What Are the Negatives?
- While general partners enjoy greater managerial power, the downside is that unlike limited partners, general partners do not have personal liability protection. Therefore, if you are a general partner, and the partnership is sued, your personal assets can be levied upon by a plaintiff.
- There are some circumstances in which a limited partner could have personal liability for debts incurred by the business. For more detail, you should speak with an accountant as well as a commercial litigation lawyer.
- As mentioned above, LPs do not automatically dissolve if one among multiple limited partners leaves. While this can be a positive in terms of continuing the business, it could also be a negative if there is any conflict or tension between the remaining partners.
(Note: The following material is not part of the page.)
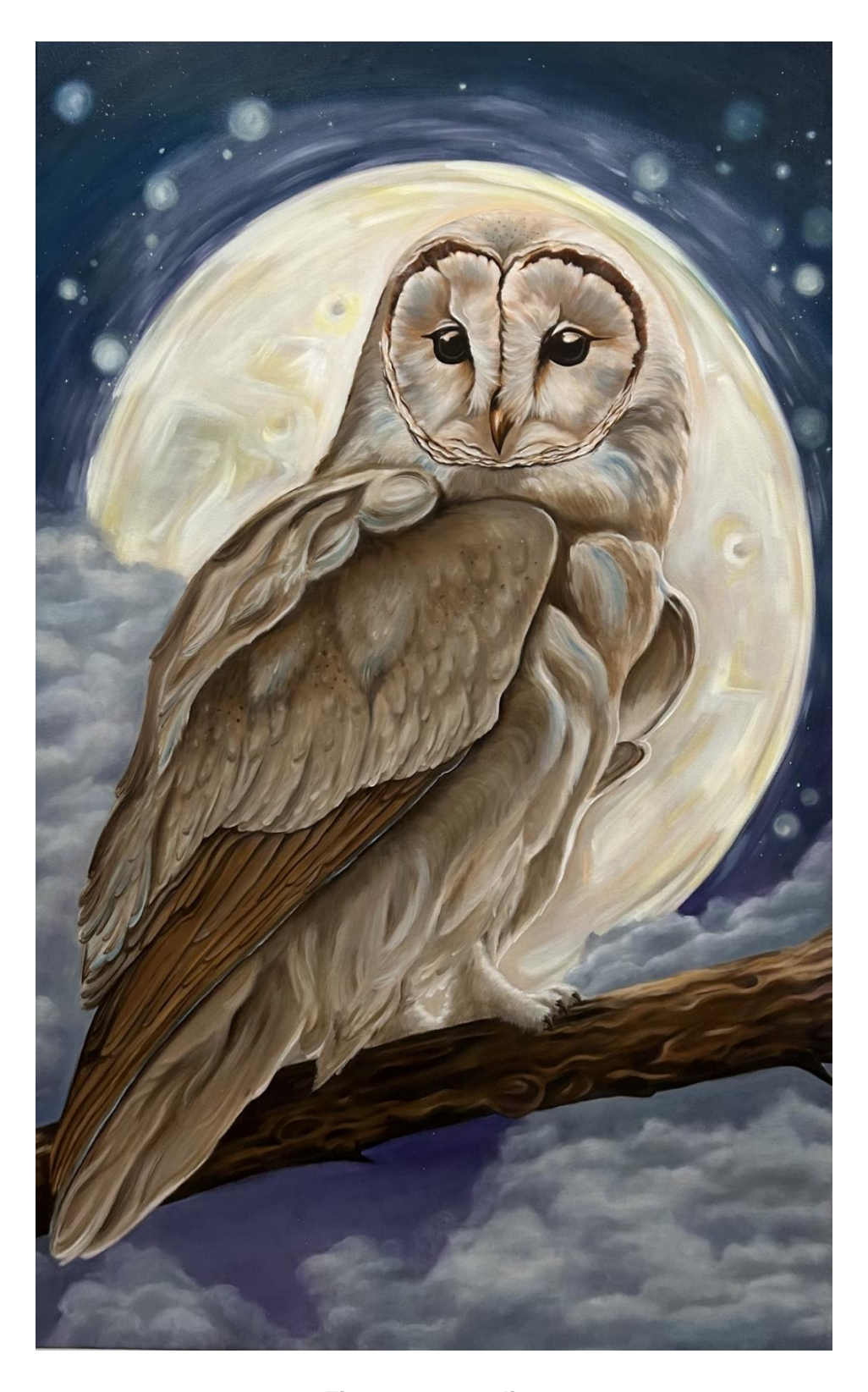
Figure 1: Guardian

If you’re thinking about creating a limited partnership in New Jersey, an experienced business attorney can help you get started. To set up a legal consultation, call The Jayson Law Group LLC at (908) 258-0621 today.
Video transcript
Today, we’re going to continue our exploration of partnerships by looking at limited partnerships. And what is a limited partnership? It is a type of business entity where there is a general partner and a limited partner. However, unlike partnerships that do not have to be registered with the state, limited partnerships must file a certificate with the state of New Jersey.
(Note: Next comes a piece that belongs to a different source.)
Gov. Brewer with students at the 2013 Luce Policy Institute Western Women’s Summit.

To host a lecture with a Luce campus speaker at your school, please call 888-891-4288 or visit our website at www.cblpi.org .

The benefits of a limited partnership
So then what are the benefits or pros of a limited partnership? It offers protections from personal liability and this protection of personal liability extends to the limited partners. Limited partners are not liable for the obligations of a limited partnership unless that limited partner is also the general partner or if the limited partner takes control of the business. It allows the limited partner to contribute resources to the business – start-up capital, for the operations – but they cannot be there for the day to day operations of the business. That is not what a limited partner does.
Another positive aspect of a limited partnership is that it allows for the general partner to maintain control of the business. So, if you form a limited partnership and you are the general partner, you are these every day to run the business.
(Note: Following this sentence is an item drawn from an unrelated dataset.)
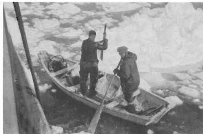
Figure 13. In search of drifting dogs and instruments.

Like a partnership is a pass through entity meaning that only the partners are taxed and not the business.
Limited partnerships, like partnerships, are governed through partnership agreements which are contracts between the partners about how the business should be run and may have other aspects of the business in the partnership as the partners agree.
If a limited partner leaves, the partnership is not dissolve, but that requires multiple limited partnerships because a partnership requires more than one. At that point it would just be a sole proprietorship and since it doesn’t automatically change, that limited partnership would be dissolved.
The drawbacks of limited partnerships
What are some of the negatives of limited partnerships? Well, if you are the general partner in a limited partnership—just like in partnerships or sole proprietorships – you have no protections at all. Which means that if the partnership is sued, theoretically, the general partner is also being sued and any monies owed by the partnership can be levied upon by the plaintiff to the general partners personal assets.
There are certain situations where the limited partner can be liable, but that’s kind of a deeper conversation and I suggest that you speak with an attorney should you decide to form a limited partnerships about the limitations to the general partner.
The partnership ends when it is dissolved. When the limited partner leaves, the partnership does not end, but if you have multiple partners and one decides to leave, it doesn’t end the partnership. That means if you had disputes or disagreements, you still have to deal with those remaining partners since it does not dissolve when one partner leaves.